But assembler still has to do it, and in this aspect it behaves again like a compiler and not interpreter: given the instructions and labels written in assembly language it needs to find out the equivalent instructions and addresses in machine language. There are few possible methods for achieving this, one of them is to interprete the whole source once, leaving the empty places in created machine code for the values that are not known at the time when they are needed, and then - after this is finished and so all the values of labels are already known - those empty places can be filled with right values. However there is another problem, when the assembler wants to generate as optimal machine code as possible (with respect to size, what also affects the speed), and the machine language of given processor architecture this assembler works for (like x86 architecture, which is the one for flat assembler) allows different in length forms of instruction codes depending on what range the target address fits in. For example on x86 architecture there are short forms of jump instructions that can jump only to addresses not further than about 128 bytes forward or backwards, and the longer forms of analogous jumps, that can jump further. In such cases assembler may try to generate the short forms when possible, but if it used the short form in case, when the value of target address is not yet know, it may then realize that this address is too far away, and the longer form would have to be used in this place.
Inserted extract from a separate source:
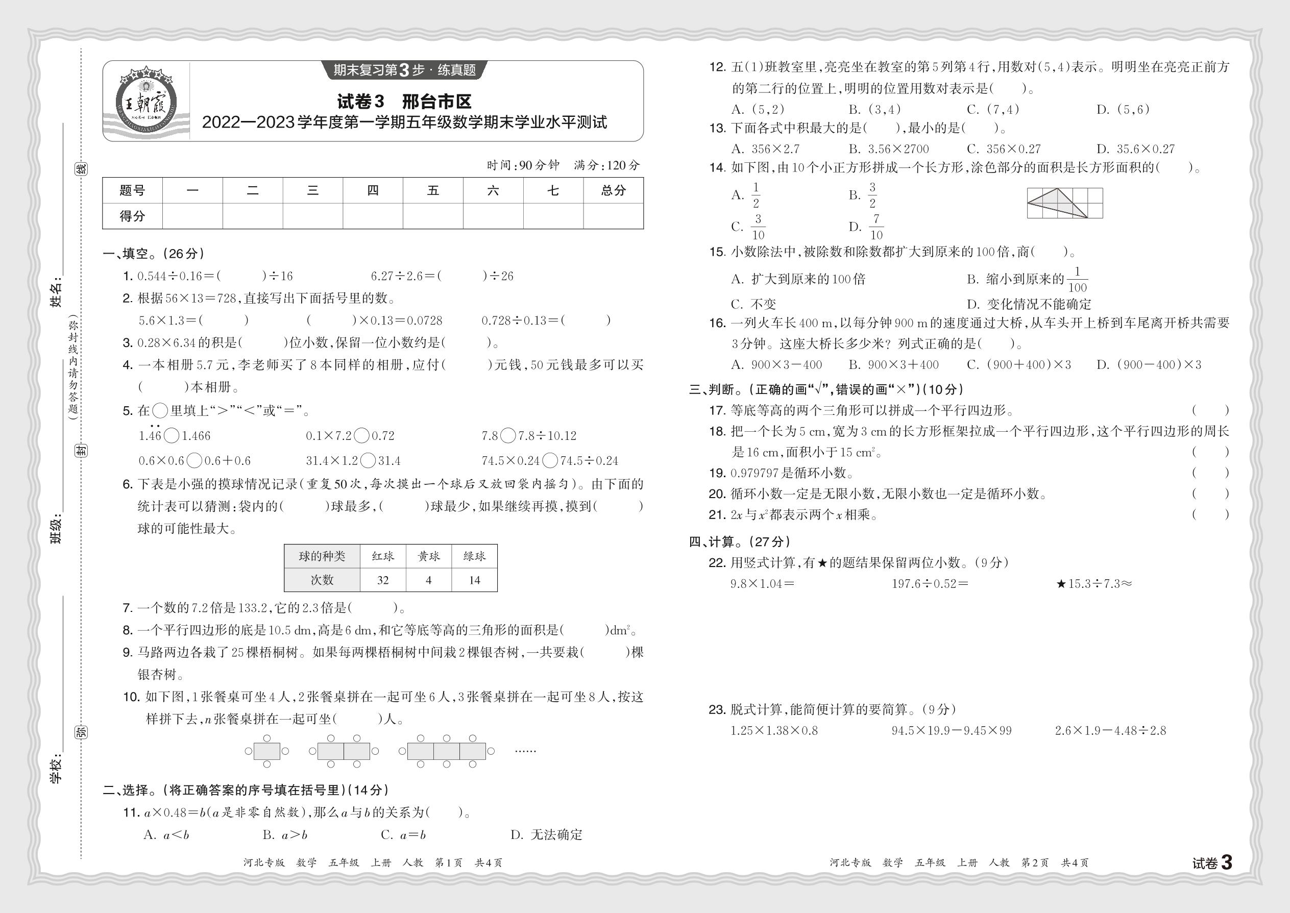 河北省邢台市区2022—2023学年度第一学期五年级数学期末学业水平测试(人教版)【3】

Thus, to make the more effective optimization possible, flat assembler uses the different approach. It first interpretes the whole source, and chooses the smallest possible form of instruction every time - when the value of target address is not yet known, it also generates the shortest form, assuming the best possible optimization may happen. But after it finishes, and knows all the values of labels, it doesn't look back at what it generated to check out whether it may be filled with right values. It then interpretes the whole source once again, but this time using the values of labels gathered the previous time to predict the correct target addresses in the places, where they were unknown earlier. If indeed the best possible optimization can be done, everything this time is assembled the same, only now filled with the right values everywhere. But it also may happen, that some of the instructions will have the different length this time than they had previously. In such case all the labels defined after such instruction would get their addresses shifted, and the predictions made with the addresses gathered previosly would become not exactly true. But this does not discourage the assembler. When it realizes that some of the addresses have changed during the second interpretation of the source, it decides to interprete it once again, taking more up-to-date values of labels and trying to predict the right values better this time. This process may be repeated many times, but hopefully finally the predicted values match their definitions and only then assembler decides it has finished its job and writes out the output generated during its last pass through the source.
This whole process is called resolving of the code. This approach not only allows the optimal code to be compiled from the given sequence of machine instructions and labels, but also also allows combining the interpreted layer of the assembler with a compiled one in an interesting way. Look at this sample:
alpha:
repeat gamma-beta
inc eax
end repeat
beta:
jmp alpha
gamma:
Assembler needs to resolve the values of beta and gamma labels, since they are used before they are defined (it is usually called that they are forward-referenced). And those values affect how many times the INC instruction gets repeated. The interpreted layer is not really visible here, since everything here needs to be resolved and assembler needs to find the right solution on its own. There even may not exist a solution at all, like if we substracted alpha instead of beta from the gamma label. In such case the value of this difference would obviosly be larger than the number of repeats, so the the source would get self-contradictory and assembler would not approach any solution.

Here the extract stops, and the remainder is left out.